MADRID, 4 Oct. (EUROPA PRESS) –
The Ibex 35 rose 2.35% in the middle of the session, which allowed it to reach 7,637.6 integers around 12:10 p.m., after the rebound on Wall Street, with rises of more than 2% in a context marked by inflation and by the decisions of central banks.
Renta 4 analysts highlight the drop in the yields of public debt, both in the United States and in Europe, after the “very weak data” of the manufacturing ISM in the United States, “which the market interprets as a possible brake on interest rate hikes” by the United States Federal Reserve (Fed).
In Spain, it has been known that the number of unemployed rose by 17,679 unemployed in September (0.6%), which placed the total at 2,941,919, its lowest figure in a month of September since 2008. For its part, the Social Security gained an average of 29,286 contributors (0.15%), below the growth registered in this month in 2021 (57,387 affiliates) and 2020 (84,013 employed), but above the advances experienced in the Septembers of the pre-pandemic period and from the years 2017-2019.

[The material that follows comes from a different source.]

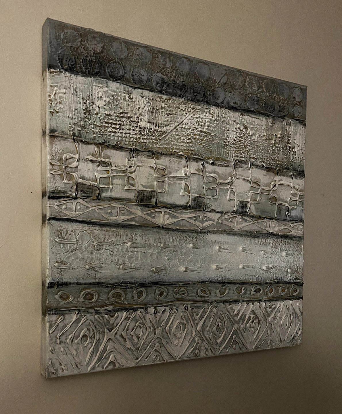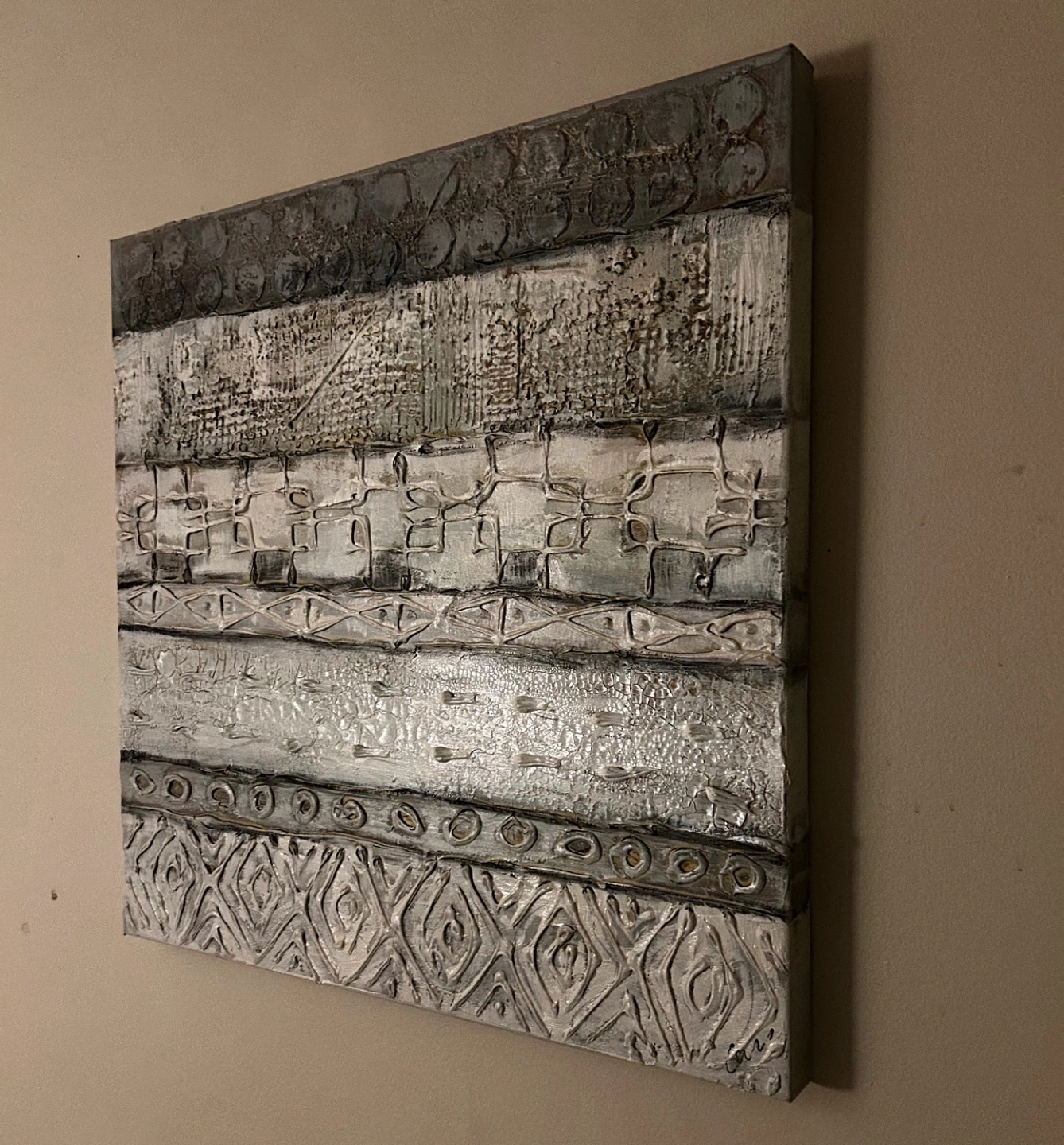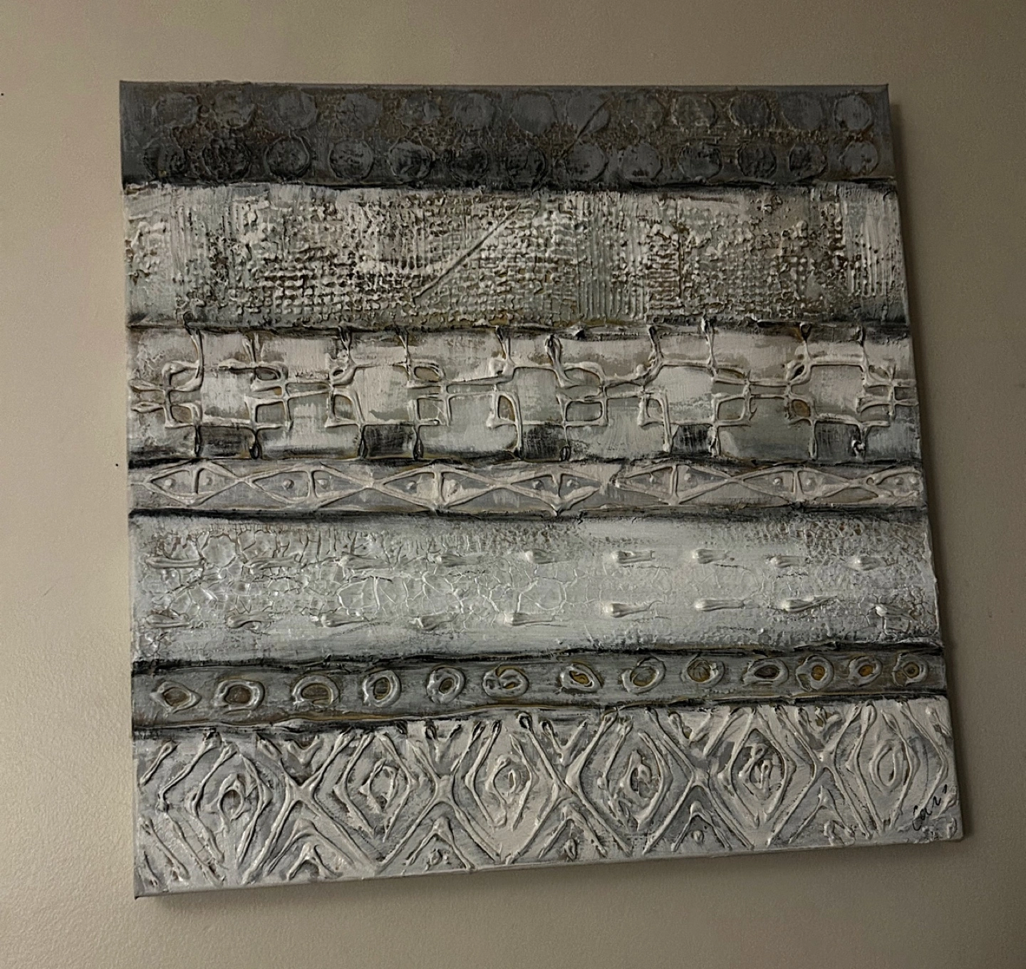 • PICK UP ONLY • Large square canvas. Neutral colours. Embossed texture. Modern design. Perfect for contemporary home decor. Would be the perfect way to finish off that room you’ve been working on! Asking $65 OBO, open to offers! Looking for a quick sale

In this context, the largest increases were recorded by IAG (5.11%), Banco Santander (4.20%), Amadeus (4.05%), Inditex (3.71%), Banco Sabadell (3.25%) , PharmaMar (3.24%) and BBVA (3.13%). On the other hand, in the mid-session only Enagás (-0.95%), Grifols (-0.80%), Acciona (-0.27%) fell.

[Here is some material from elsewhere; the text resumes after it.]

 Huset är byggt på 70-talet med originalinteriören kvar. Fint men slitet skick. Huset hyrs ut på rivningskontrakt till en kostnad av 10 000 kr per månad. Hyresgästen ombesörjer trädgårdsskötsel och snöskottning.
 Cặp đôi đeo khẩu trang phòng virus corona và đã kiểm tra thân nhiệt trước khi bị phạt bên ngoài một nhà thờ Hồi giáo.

The rest of the European stock markets were also trading with increases of more than 1.8% in London, 3.2% in Paris, 2.9% in Frankfurt and 2.5% in Milan.

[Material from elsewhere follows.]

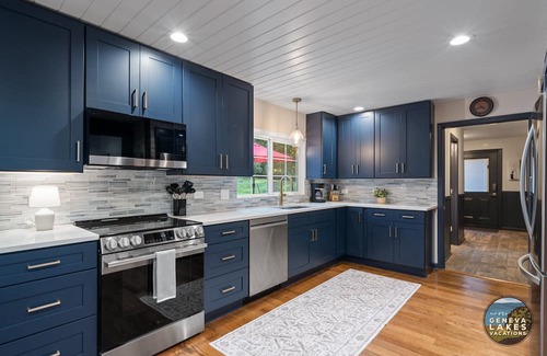 The first floor includes a convenient King Bedroom (King Bed - Two Twin XL Beds pushed together), perfect for guests who prefer to avoid stairs. You'll love the charm of the winding staircase and the modern, fully equipped kitchen that makes cooking together fun and easy. The open floor plan gives everyone plenty of room to chat, share meals, and relax. There's also a cozy sitting room in the front of the house where you can unwind, read, or just enjoy the view of peaceful pine trees outside the window. The breakfast area faces the patio and fills with morning light, a great spot for coffee or an evening cocktail. Washer and dryer is also located on the main floor, along with a large living room and dining room.

On the other hand, a barrel of Brent quality oil, a reference for the Old Continent, stood at a price of 89.64 dollars, with an increase of 0.78%, while the Texas stood at 84.25 dollars , after rising 0.74%, pending the meeting of the Organization of Petroleum Exporting Countries (OPEC) and its allies, the group known as OPEC, which will take place this Wednesday, with a possible reduction in oil production.
Finally, the price of the euro against the dollar stood at 0.9892 ‘greenbacks’, while the Spanish risk premium stood at 114 basis points, with the interest required on the ten-year bond at 2.951%.